Total Customers: 11.069 | Censored: 2.678 | Non-censored: 8.391 | Censored Rate 24,19%


Unnamed: 0,cid,id,tp,tfs,tte,ts,te,employees,mrr,value,...,usage_avg,usage_groups_avg,usage_payments_avg,paid_periods,failed_periods,active_periods,momentum,months,failed_ratio,usage_diff
0,51b46d18c4de615d0f000019,1,2017-07-01,4.0,-1.0,2017-03-01,NaT,1,26.58,159.50,...,2.00,0.0,0.0,0.0,0.0,1.0,0.00,4.0,,0.00
1,51b46d18c4de615d0f000019,1,2017-08-01,5.0,-1.0,2017-03-01,NaT,1,26.58,159.50,...,2.00,0.0,0.0,0.0,0.0,2.0,1.20,5.0,,0.00
2,51b46d18c4de615d0f000019,1,2017-09-01,6.0,-1.0,2017-03-01,NaT,1,26.58,239.25,...,2.00,0.0,0.0,1.0,0.0,3.0,-3.14,6.0,0.0,0.00
3,51b46d18c4de615d0f000019,1,2017-10-01,7.0,-1.0,2017-03-01,NaT,1,26.58,239.25,...,1.75,0.0,0.0,1.0,0.0,3.0,-13.60,7.0,0.0,-0.75
4,51b46d18c4de615d0f000019,1,2017-11-01,8.0,-1.0,2017-03-01,NaT,1,26.58,239.25,...,1.60,0.0,0.0,1.0,0.0,3.0,-18.57,8.0,0.0,-0.60
...,...,...,...,...,...,...,...,...,...,...,...,...,...,...,...,...,...,...,...,...,...
201230,66633bcee489710bb6afe3d9,11065,2024-06-01,0.0,-1.0,2024-06-01,NaT,1,101.97,101.97,...,0.00,0.0,0.0,1.0,0.0,0.0,0.00,0.0,0.0,0.00
201231,666346aee489710bb6afead3,11066,2024-06-01,0.0,-1.0,2024-06-01,NaT,1,40.00,40.00,...,0.00,0.0,0.0,1.0,0.0,0.0,0.00,0.0,0.0,0.00
201232,66634aea1e0bd65a73bf4f2f,11067,2024-06-01,0.0,-1.0,2024-06-01,NaT,1,46.62,46.62,...,0.00,0.0,0.0,1.0,0.0,0.0,0.00,0.0,0.0,0.00
201233,666388b3e489710bb6b00925,11068,2024-06-01,0.0,-1.0,2024-06-01,NaT,1,60.19,60.19,...,0.00,0.0,0.0,1.0,0.0,0.0,0.00,0.0,0.0,0.00


In [4]:
d_split = data.sort_values(['id', 'tp']).groupby('id')['tte'].last().reset_index()
d_split['censored'] = d_split['tte'] < 0

d_train, d_test = train_test_split(
    d_split,
    test_size=test_size,
    shuffle=True,
    stratify=d_split['censored'].astype(int),
    random_state=SEED
)

cs_train = d_train['censored'].value_counts().sort_index().astype(float)
cs_test = d_test['censored'].value_counts().sort_index().astype(float)

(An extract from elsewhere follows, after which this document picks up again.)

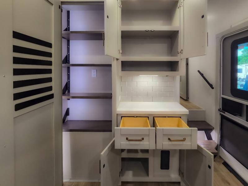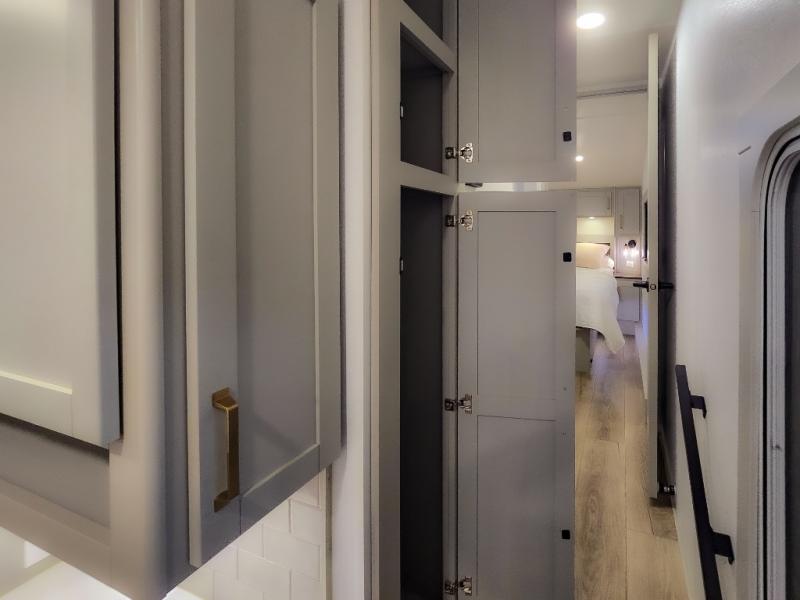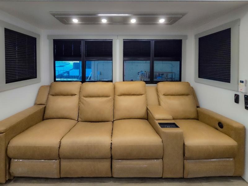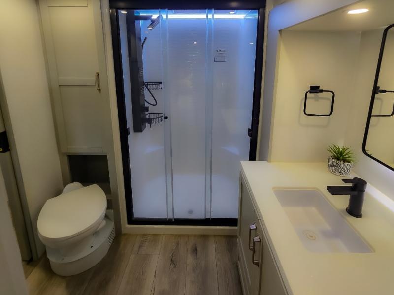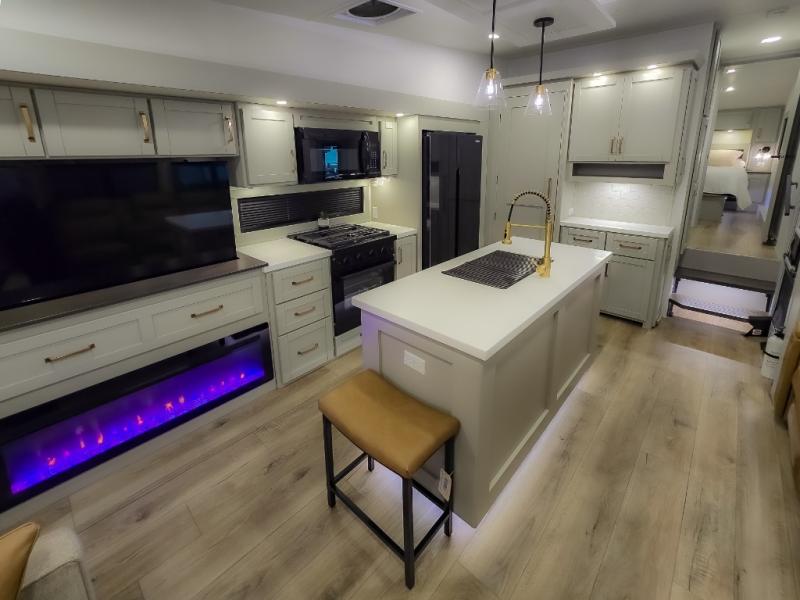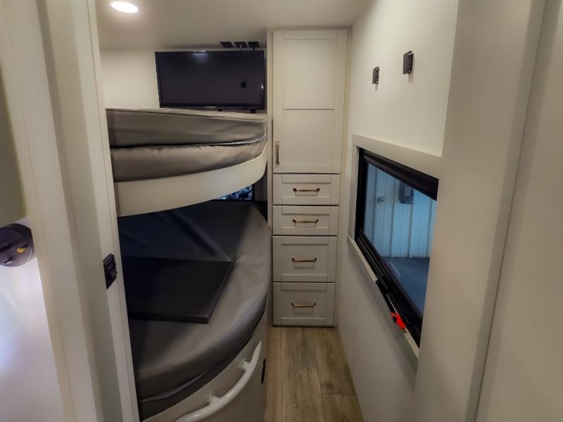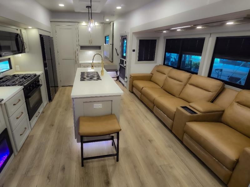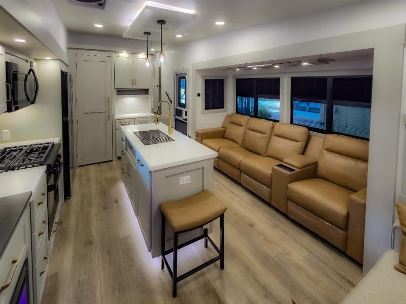 The perfect unit for your larger family, this Model Z can sleep eight! Step inside and find a wide open combined kitchen and living room. There is a large slide out theater seat with two recliners and seating for four, plus a 60" tri-fold sofa, and a televator and fireplace in the appliance slide along the roadside. The center island features dual trash bins and stow & go paper towel holder, a large sink, and even dog bowls for your favorite furry friend. A 16 cu. ft. refrigerator will house all of your perishables, and you will also have an 84" pantry with adjustable shelves for all of your dry goods and snacks. Head up the steps to your right, just inside the entry, to find a private master bedroom and bath at the end of the hall. Here you will find a queen bed, slide out wardrobe with dresser, and the bathroom vanity. A large 30" x 42" shower will welcome you each morning or night to keep clean and refreshed. At the very back of the unit, guests will enjoy a private bunkhouse with 54" x 74" bunk beds, a TV, and wardrobe with drawers beneath. The outside features over 160 cu. ft. of exterior storage with mid-coach pass-through and exterior storage access, plus two awnings for added outdoor living.

print('Total Customers: {} ({}% censored) | Train: {} ({}%) | Test: {} ({}%)'.format(
    format_number(len(d_split)),
    format_number(100 * cs[1] / cs.sum(), 2),
    format_number(len(d_train)),
    format_number(100 * cs_train[1] / cs_train.sum(), 2),
    format_number(len(d_test)),
    format_number(100 * cs_test[1] / cs_test.sum(), 2)
))

Total Customers: 11.069 (24,19% censored) | Train: 8.301 (24,19%) | Test: 2.768 (24,21%)


In [5]:
# Instantiate the WTTE Time To Event model
wtte = WTTE(
    features=config['features'],
    min_tte=min_tte,
    max_sl=max_sl,
    wlevel=wlevel,
    seed=SEED,
    verbose=1,
    path='../files/tune'
)

wtte.params

{'nn': 0,
 'hl': 2,
 'lr': 0.01,
 'epochs': 100,
 'batch': 64,
 'lr_decay': 0,
 'stop': 0,
 'dropout': 0.1,
 'lnorm': True,
 'weight_l1': 0,
 'weight_l2': 1e-05,
 'init_alpha': None,
 'max_beta': 2.0,
 'epsilon': 1e-08}

In [6]:
# Set train data
d_wtte_train = data[data['id'].isin(d_train['id'])].sort_values(['id', 'tfs'])[
    ['id', 'tfs', 'tte'] + wtte.features
]

# Scale/Normalize features
wtte.scaler = StandardScaler().fit(d_wtte_train[wtte.features])
d_wtte_train[wtte.features] = wtte.scaler.transform(d_wtte_train[wtte.features])

# Build train tensor
x_wtte_train, y_wtte_train = wtte.build_seq(d_wtte_train, deep=False)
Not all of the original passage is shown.